Prompt:
Once the line with "Katrín með boltann" is found in the entries below, print it and each following line exactly, stopping after the line with "许多在暗网上被被绑架的人(男"; print nothing else.

Task inputs:
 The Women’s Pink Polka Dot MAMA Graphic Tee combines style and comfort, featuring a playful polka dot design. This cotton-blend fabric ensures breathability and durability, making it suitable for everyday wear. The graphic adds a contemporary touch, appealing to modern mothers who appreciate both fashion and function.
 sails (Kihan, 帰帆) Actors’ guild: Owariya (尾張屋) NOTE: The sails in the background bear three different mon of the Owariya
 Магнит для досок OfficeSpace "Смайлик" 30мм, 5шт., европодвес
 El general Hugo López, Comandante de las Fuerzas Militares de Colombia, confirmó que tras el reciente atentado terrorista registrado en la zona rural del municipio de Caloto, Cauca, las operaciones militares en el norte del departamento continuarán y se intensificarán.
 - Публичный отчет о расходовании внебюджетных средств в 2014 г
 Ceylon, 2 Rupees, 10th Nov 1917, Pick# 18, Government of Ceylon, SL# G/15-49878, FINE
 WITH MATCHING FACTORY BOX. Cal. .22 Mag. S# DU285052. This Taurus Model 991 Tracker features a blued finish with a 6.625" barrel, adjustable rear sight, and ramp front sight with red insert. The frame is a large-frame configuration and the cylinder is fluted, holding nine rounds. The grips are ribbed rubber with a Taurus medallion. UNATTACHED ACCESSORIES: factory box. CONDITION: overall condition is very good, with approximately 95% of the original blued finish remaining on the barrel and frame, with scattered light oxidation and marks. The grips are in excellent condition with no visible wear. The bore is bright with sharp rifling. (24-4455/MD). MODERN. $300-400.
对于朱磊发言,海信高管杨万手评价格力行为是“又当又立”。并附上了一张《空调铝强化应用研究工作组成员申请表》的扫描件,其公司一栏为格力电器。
==
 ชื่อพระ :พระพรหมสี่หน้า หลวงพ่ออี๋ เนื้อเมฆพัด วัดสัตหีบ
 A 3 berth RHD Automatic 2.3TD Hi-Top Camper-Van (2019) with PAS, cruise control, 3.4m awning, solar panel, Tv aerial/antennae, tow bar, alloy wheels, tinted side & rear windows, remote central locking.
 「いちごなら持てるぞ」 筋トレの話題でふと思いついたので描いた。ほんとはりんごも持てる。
...
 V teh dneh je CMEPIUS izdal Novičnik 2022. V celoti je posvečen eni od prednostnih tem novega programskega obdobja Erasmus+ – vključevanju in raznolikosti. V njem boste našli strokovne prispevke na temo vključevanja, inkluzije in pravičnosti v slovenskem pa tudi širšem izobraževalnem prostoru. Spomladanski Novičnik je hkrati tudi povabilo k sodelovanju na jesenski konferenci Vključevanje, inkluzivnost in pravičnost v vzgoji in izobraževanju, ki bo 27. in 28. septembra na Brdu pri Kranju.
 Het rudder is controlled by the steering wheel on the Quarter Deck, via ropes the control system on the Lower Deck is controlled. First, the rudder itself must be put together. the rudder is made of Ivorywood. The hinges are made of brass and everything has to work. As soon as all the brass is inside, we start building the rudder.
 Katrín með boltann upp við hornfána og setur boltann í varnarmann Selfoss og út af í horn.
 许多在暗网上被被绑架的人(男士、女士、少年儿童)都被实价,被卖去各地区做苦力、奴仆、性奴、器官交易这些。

Reply:
 Katrín með boltann upp við hornfána og setur boltann í varnarmann Selfoss og út af í horn.
 许多在暗网上被被绑架的人(男士、女士、少年儿童)都被实价,被卖去各地区做苦力、奴仆、性奴、器官交易这些。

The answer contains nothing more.